D’emblée, Denis Sassou N’Guesso a donné le ton. Le président congolais, qui préside aussi la Commission Climat du Bassin du Congo, a salué une avancée concrète : «Ensemble, à la suite de vos engagements précis, nous venons de faire un pas supplémentaire vers la réalisation du mandat statutaire du Fonds Bleu». Derrière cette formule se cache une urgence chiffrée. Les 17 pays membres avaient évalué à 5,72 milliards de dollars le coût du premier programme prioritaire. Cette fois, les promesses se transforment en chèques.

Fort de cette impulsion politique, les institutions financières ont enchaîné. La Banque africaine de développement a ouvert le bal avec 250 millions de dollars en financement préliminaire, rappelant que les six pays du bassin ne peuvent plus porter seuls le poids d’une responsabilité climatique mondiale. Aussitôt, la Banque de développement des États de l’Afrique centrale a promis 600 millions pour des projets structurants, tandis que la Banque mondiale ajoutait 1 milliard. Dans la foulée, la Chambre africaine de commerce de Scandinavie s’est engagée à 600 millions en dons, le Fonds vert pour le climat à 320 millions, et le Fonds souverain africain a bouclé le cycle avec 500 millions en garanties pour 2026-2028.

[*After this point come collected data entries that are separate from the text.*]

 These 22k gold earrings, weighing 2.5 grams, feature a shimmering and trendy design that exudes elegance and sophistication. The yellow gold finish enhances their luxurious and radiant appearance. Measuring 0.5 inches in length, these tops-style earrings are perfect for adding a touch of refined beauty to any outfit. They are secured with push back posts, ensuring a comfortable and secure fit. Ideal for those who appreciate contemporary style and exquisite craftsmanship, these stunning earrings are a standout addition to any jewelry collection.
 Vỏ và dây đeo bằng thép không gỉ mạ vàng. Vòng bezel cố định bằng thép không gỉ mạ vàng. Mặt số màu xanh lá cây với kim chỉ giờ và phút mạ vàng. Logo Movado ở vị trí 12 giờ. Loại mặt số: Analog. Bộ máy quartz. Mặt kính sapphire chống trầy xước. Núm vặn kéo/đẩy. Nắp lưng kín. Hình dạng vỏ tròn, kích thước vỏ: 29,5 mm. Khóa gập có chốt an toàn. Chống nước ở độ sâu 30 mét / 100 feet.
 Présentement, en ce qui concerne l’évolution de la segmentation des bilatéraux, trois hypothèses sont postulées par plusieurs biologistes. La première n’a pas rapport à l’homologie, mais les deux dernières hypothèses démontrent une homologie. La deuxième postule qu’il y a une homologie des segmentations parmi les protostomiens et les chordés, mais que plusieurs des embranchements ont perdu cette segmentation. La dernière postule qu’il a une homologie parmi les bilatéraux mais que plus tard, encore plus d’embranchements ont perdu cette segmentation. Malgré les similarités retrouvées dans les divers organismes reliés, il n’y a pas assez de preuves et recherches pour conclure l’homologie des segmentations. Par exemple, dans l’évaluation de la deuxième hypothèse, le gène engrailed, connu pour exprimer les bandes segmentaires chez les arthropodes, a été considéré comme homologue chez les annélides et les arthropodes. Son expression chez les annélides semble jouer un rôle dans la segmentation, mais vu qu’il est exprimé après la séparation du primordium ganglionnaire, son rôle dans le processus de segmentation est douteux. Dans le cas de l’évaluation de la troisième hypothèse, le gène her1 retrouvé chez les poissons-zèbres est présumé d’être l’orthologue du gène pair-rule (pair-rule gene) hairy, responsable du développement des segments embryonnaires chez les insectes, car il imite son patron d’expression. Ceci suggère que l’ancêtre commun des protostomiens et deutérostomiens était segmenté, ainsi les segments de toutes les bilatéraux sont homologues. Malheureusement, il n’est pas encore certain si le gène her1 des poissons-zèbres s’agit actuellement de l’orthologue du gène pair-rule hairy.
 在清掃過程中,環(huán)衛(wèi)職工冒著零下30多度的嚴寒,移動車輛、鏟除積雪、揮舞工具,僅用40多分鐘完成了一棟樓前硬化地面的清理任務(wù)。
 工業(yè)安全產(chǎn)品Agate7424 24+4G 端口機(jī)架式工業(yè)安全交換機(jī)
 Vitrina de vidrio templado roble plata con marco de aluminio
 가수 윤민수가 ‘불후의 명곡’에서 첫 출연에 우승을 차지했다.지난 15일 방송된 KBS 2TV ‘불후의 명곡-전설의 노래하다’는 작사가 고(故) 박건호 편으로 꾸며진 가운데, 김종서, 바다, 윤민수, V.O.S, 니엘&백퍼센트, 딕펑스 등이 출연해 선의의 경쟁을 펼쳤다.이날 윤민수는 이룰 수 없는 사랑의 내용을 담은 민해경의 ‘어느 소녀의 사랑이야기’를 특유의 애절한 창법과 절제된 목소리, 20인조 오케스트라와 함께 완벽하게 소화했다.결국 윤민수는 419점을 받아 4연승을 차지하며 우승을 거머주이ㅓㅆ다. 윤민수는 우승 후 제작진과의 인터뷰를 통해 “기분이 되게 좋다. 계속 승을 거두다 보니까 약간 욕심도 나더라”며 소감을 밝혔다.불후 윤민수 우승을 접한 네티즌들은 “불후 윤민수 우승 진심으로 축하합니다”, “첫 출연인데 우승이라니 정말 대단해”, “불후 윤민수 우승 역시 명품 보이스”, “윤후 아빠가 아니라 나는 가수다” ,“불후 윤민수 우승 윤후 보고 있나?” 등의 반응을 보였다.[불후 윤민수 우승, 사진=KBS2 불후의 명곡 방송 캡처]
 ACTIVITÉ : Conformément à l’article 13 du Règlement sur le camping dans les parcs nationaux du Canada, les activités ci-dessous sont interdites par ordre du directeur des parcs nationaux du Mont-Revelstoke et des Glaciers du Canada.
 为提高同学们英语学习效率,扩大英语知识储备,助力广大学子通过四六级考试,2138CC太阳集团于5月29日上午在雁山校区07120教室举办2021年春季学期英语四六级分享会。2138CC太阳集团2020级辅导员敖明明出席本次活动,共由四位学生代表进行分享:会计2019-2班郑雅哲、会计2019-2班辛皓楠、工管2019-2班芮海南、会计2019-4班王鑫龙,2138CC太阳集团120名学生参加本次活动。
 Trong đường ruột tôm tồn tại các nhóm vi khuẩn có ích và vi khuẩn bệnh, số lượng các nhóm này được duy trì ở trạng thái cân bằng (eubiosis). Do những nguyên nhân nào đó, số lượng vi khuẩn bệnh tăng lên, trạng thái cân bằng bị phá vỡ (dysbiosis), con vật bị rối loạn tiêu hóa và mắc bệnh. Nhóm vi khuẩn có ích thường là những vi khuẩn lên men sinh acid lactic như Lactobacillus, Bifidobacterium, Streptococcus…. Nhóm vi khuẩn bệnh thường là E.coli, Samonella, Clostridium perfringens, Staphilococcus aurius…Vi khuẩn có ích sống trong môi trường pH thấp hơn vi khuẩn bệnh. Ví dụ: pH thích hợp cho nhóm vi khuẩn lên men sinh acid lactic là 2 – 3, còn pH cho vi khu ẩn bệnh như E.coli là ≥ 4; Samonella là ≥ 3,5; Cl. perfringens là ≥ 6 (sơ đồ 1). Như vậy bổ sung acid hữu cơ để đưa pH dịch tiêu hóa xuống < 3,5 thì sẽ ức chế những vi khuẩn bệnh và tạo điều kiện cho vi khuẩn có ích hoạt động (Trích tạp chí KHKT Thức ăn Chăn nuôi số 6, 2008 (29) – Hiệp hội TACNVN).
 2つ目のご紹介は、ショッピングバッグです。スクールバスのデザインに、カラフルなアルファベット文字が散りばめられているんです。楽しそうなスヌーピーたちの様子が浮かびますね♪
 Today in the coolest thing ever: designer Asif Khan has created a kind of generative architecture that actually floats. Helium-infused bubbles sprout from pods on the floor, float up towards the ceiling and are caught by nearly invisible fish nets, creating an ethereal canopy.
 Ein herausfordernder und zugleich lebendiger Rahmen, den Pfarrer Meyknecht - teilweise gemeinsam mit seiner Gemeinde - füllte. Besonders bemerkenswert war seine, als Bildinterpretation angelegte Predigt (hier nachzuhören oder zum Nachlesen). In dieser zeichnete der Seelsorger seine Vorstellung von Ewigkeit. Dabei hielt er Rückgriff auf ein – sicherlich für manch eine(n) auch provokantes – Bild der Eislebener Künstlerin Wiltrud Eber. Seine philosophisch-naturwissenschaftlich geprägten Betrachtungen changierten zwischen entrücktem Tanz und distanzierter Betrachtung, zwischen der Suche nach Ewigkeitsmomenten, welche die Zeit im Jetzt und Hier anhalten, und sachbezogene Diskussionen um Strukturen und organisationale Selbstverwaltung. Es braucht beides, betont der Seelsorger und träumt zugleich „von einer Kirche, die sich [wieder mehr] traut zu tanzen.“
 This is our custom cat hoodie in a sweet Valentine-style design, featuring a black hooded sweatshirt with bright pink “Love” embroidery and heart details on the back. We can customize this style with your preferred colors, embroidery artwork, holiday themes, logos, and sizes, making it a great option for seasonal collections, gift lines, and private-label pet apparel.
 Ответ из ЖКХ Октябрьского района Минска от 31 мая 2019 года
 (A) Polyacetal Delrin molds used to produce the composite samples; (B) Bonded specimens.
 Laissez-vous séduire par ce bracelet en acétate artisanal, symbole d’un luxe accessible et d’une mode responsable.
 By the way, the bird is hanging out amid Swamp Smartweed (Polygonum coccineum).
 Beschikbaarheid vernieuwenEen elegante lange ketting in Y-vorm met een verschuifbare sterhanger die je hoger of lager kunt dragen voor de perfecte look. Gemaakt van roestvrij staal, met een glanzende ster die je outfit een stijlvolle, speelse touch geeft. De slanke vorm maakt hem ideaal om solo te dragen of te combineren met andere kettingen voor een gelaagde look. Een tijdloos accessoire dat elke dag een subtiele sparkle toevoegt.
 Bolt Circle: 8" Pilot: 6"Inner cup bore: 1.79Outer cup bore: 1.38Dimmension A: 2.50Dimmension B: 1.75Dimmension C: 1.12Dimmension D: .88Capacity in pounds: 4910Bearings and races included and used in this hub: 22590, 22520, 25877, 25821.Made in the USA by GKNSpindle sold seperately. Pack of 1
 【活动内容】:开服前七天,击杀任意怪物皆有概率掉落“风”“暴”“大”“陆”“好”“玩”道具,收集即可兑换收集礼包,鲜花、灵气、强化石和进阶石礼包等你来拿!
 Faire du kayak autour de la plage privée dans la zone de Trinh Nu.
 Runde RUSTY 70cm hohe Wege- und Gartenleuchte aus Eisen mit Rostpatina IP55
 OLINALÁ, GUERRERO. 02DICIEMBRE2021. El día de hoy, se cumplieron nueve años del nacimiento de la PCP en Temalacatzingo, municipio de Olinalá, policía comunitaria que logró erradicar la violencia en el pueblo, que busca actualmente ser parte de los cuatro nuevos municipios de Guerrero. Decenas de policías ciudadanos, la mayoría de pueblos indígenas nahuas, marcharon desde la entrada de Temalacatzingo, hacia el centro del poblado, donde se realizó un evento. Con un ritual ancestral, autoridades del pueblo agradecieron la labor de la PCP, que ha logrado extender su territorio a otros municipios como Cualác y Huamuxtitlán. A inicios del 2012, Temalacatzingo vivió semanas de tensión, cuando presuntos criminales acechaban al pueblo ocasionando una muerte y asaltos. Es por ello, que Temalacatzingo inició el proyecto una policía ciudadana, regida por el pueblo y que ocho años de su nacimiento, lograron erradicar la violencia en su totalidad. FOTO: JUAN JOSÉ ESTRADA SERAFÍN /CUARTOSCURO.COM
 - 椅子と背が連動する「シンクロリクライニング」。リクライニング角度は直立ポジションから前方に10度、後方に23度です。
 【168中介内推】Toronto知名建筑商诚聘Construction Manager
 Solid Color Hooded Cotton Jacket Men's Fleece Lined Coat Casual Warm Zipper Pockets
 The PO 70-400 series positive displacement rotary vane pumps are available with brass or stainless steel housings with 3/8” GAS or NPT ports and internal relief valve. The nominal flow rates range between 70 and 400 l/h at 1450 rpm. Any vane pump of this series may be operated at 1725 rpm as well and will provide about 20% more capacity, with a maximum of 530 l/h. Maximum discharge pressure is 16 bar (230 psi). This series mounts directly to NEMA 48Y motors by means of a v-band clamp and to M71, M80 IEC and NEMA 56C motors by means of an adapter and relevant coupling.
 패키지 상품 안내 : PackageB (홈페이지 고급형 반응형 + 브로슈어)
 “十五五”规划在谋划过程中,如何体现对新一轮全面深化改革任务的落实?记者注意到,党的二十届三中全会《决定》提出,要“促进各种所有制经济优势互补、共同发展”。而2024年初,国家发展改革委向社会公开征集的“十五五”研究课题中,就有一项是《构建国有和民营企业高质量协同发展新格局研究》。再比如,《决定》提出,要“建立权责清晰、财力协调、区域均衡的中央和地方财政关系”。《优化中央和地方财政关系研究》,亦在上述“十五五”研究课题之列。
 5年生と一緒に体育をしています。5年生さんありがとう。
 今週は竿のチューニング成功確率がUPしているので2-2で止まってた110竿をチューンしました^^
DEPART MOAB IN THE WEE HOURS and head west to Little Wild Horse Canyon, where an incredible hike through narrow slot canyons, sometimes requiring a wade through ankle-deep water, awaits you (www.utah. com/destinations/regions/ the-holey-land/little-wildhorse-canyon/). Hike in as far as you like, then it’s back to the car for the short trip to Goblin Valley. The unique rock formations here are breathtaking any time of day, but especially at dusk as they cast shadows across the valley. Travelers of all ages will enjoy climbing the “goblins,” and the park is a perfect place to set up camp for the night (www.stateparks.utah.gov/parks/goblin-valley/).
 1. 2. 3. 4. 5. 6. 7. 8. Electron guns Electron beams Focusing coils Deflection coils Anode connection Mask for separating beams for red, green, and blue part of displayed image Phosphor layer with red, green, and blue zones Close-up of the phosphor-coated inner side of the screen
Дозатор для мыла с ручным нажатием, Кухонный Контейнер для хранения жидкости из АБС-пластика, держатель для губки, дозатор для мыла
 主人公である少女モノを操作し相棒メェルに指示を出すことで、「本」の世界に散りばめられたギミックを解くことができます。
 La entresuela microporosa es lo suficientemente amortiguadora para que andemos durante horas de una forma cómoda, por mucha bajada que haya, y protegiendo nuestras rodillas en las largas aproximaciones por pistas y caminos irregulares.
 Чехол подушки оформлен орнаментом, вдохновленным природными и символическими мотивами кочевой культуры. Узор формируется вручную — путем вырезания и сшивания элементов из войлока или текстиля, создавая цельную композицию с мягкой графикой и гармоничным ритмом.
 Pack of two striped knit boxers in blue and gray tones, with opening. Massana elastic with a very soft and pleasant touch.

Au-delà des chiffres, l’enjeu dépasse largement la salle de réunion. Le bassin du Congo, c’est 300 millions d’hectares de forêts et de tourbières, un puits de carbone géant qui stocke des milliards de tonnes de CO2 et fait vivre des dizaines de millions d’Africains.

Les projets de la CCBC, alignés sur l’Agenda 2063 de l’UA et la Déclaration de Marrakech, visent précisément à transformer ces engagements en forêts debout et en économie bleue. Après des années de déclarations, Brazzaville entre dans l’ère des actes.